Kimberly Dunham-Snary, Queen’s University
Supervisor: Stephen Archer, Queen’s University
Cardiopulmonary diseases are the leading cause of death in Canada. Pulmonary hypertension (PH) is divided into 5 groups. Group 1 is a rare form of PH affecting the lung vasculature in the absence of other cardiopulmonary diseases; all approved PH therapies are restricted to Group 1 PH patients. However, Group 3 PH (related to chronic hypoxia and/or lung diseases) afflicts hundreds of thousands of Canadians. While PH is a negative prognostic factor in patients with lung disease or hypoxia there is no known therapy for Group 3 PH. This project focuses on unifying the mechanism of hypoxic pulmonary vasoconstriction (HPV) and the pathology of PH. HPV is the process by which ventilation-perfusion matching is achieved during hypoxia via the constriction of resistance arteries within the lung vasculature (nearly all other blood vessels dilate during hypoxia). The HPV response is dramatically reduced in a number of pathologies, including pulmonary arterial hypertension (PAH). Prior work from our lab identified mitochondria in pulmonary artery smooth muscle cells (PASMC) as the major oxygen sensor that triggers HPV. The mitochondrial network in PASMC is unique in that it alters production of diffusible redox mediators, including reactive oxygen species (ROS) in proportion to partial pressure of oxygen (PO2). These ROS (including hydrogen peroxide, H2O2) are produced within the mitochondrial electron transport chain (ETC). We propose that mitochondrial-derived H2O2 serves as a diffusible redox-signaling molecule that reflects alveolar PO2, and regulates pulmonary vascular tone via its interaction with redox-sensitive ion channels and enzymes. The opposing effects of hypoxia on PA and renal arteries (RA) (constriction vs. vasodilatation) are mimicked by inhibitors of ETC Complex I (rotenone) and III (antimycin A), implicating these complexes as the source of the oxygen-sensitive ROS signal.
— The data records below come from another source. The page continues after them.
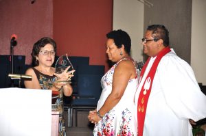The service came to a conclusion with the Official Act of Releasing Rev. Donovan from the Savannah charge. After a final hymn of appreciation and the benediction by Rev. Dr. Yvette Noble Bloomfield, RDGS of Cayman Islands United Church Council, everyone enjoyed fellowship in the hall with cake and ice cream.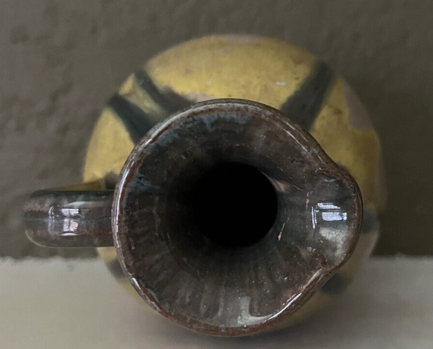 Pitchers with this traditional shape - usually called "Rebekah Jugs" - came in many sizes and have been hand-thrown and hand-glazed by North Carolina potters for decades. It has a multi-colored gloss drip glaze that flows beautifully all over the exterior & interior. It is about 6-1/2 inches tall and 3-3/4 inches in diameter at its widest point. The curved handle is about 1-3/4 inches long and extends about 1-3/8 inches from the body of the pitcher. The base is about 2-1/2 inches in diameter and the top rim with spout is about 1-3/4 inches in diameter. Unfortunately, these pitchers are often found without a potter's mark but I would attribute this to a North Carolina maker. Age is unknown but I have had it for years and it is not new. It is in very good condition with no chips, hairlines, or crazing. Ships USPS. Please look at my ebay store for more North Carolina pottery!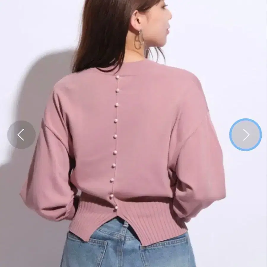 Mystrada 마이 스트라다 7부 소매 백 펄 니트 핑크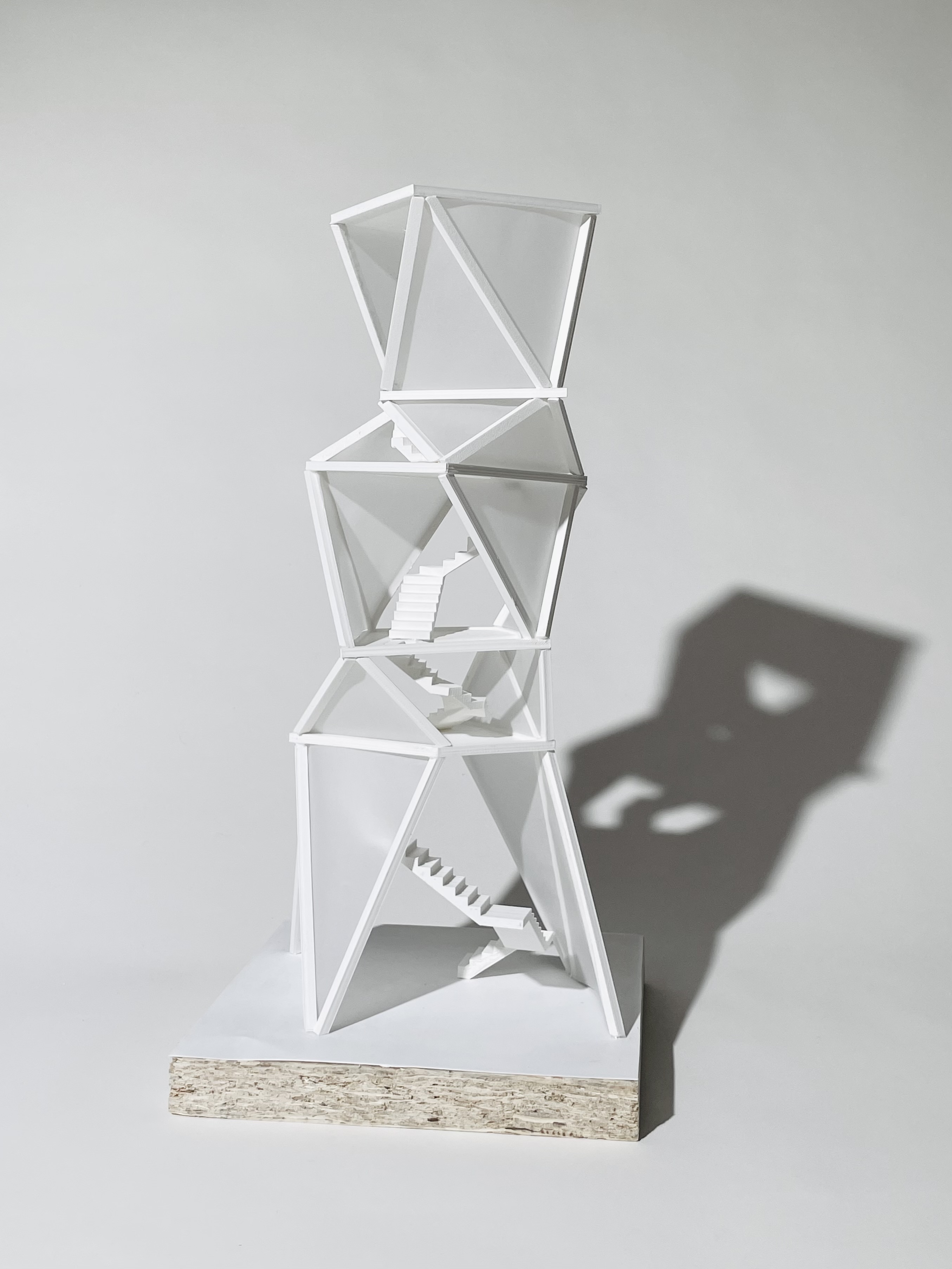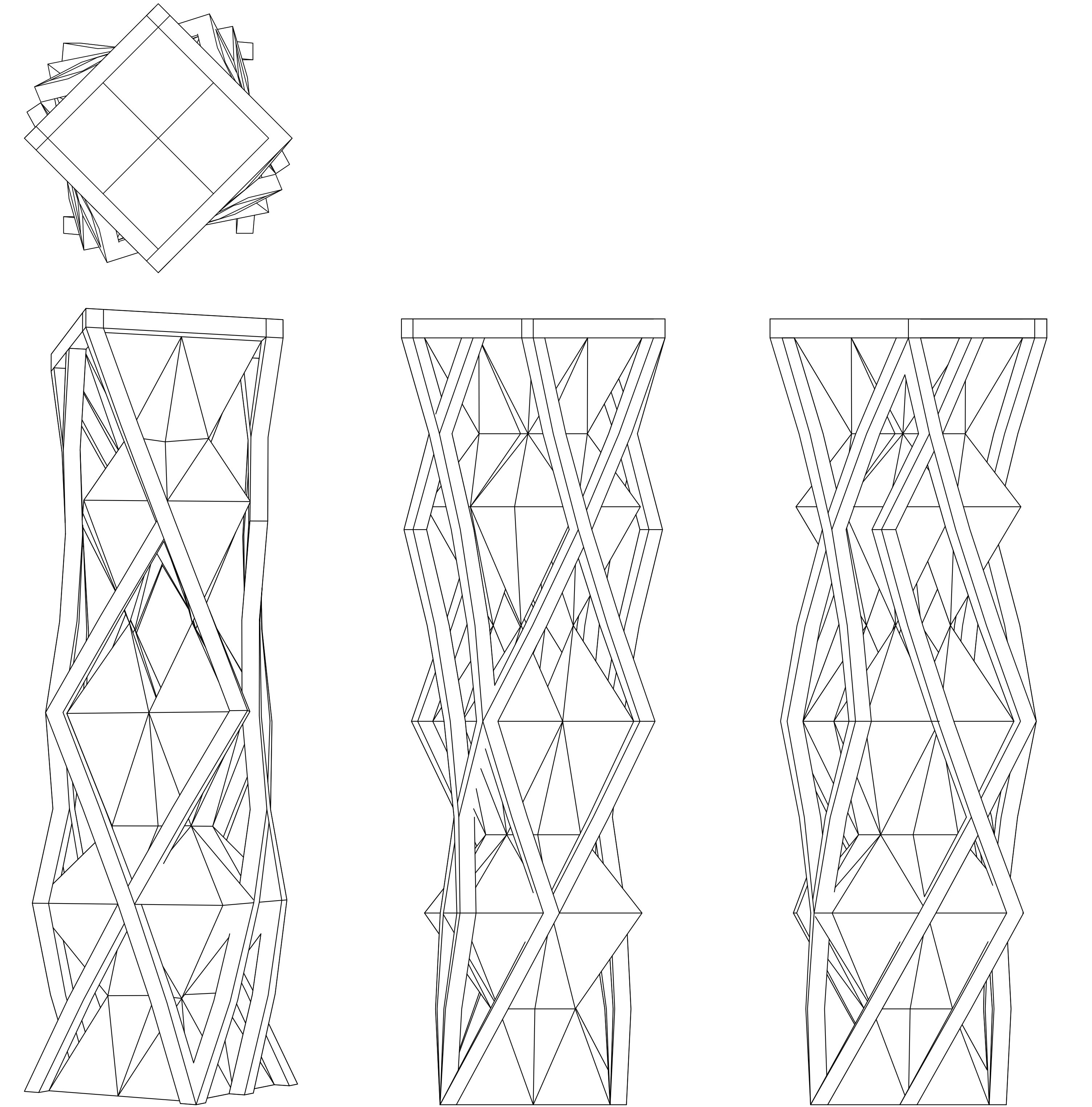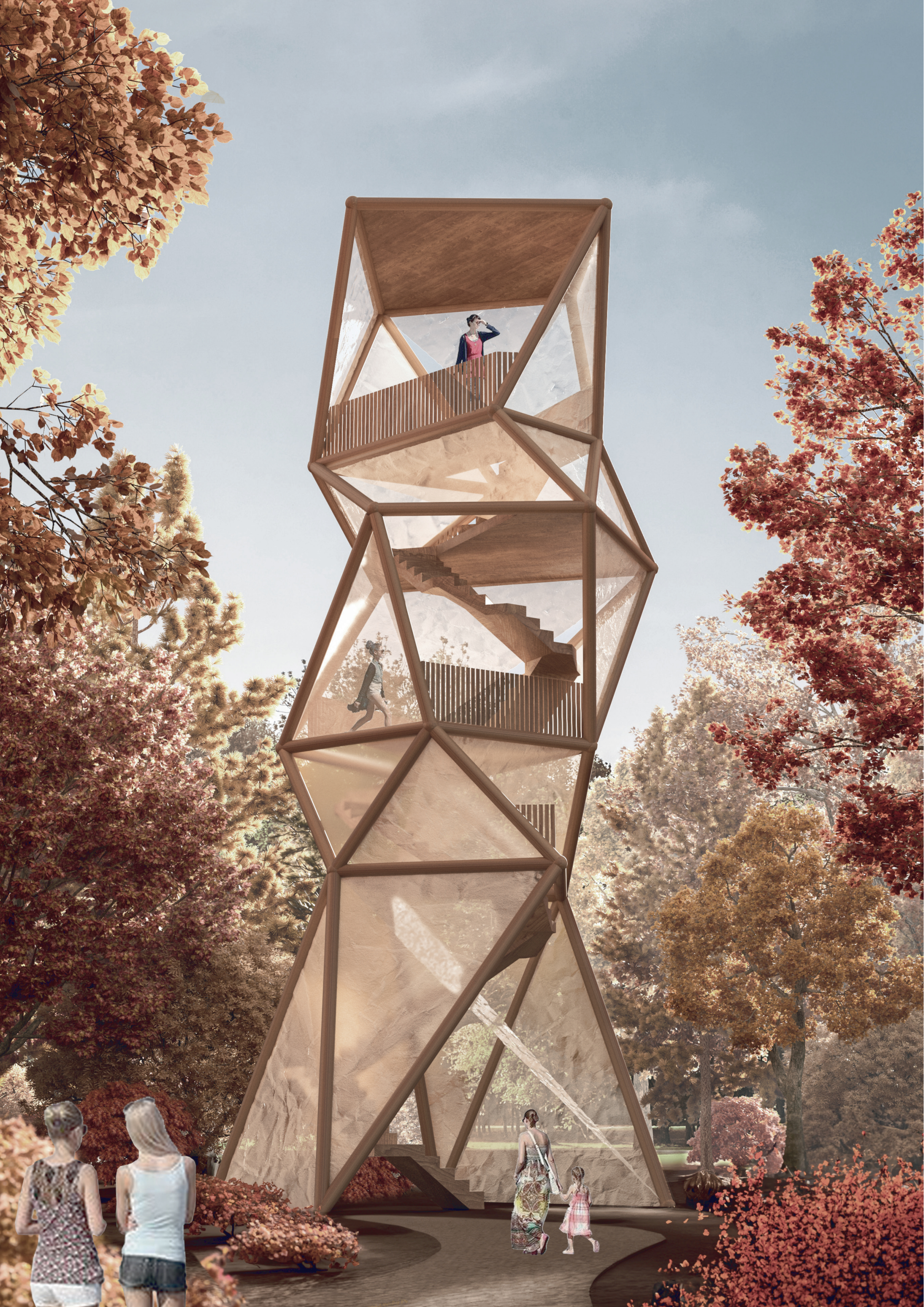Klare und kristalline Strukturen definieren den Turm. Das innere Gerüst bilden sich in die Höhe entwickelde, rautenförmige Volumen. Das äußere Gerüst wird durch Stäbe definiert, die sich entlang der Kanten und Ecken der inneren Volumen in die Höhe entwickeln.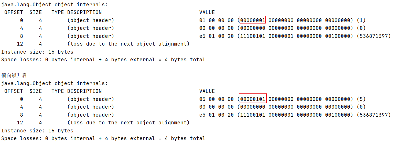 System.out.println(ClassLayout.parseInstance(o).toPrintable());//五秒以后偏向锁开启

Hypothesis: One or more subunits of mitochondrial ETC Complex I serve as the mitochondrial redox oxygen sensor, and these subunit(s) are downregulated in PAH.
Goals: We will determine differences in production of mitochondrial hydrogen peroxide (the putative mediator of the oxygen sensing signaling cascade) in pulmonary vs. renal SMC as well as variation in mitochondrial function, metabolism and gene expression. Subsequently, we will translate these results and perform targeted screening of PASMC from PAH patients compared to healthy controls. Finally, we will explore the effects of silencing candidate subunit(s) in healthy human PASMC and rat PASMC, in an effort to confirm the molecular identity of the mitochondrial proteins required for oxygen sensing.
Relevance: Better understanding of HPV will identify new potential therapeutic targets and advance the creation of new therapies for patients with PH. Elucidation all aspects of the oxygen sensing system is critical to combat diseases of impaired oxygen sensing and to devise new therapies for populations at altitude, in whom excessive HPV can cause diseases including high altitude pulmonary edema (HAPE). This proposal relates to CVN’s Priority Research Areas (Identifying targets for early detection strategies for populations at high risk for vascular diseases) as well as the overall goal of CVN (to improve the health of Canadians by furthering the field of vascular research).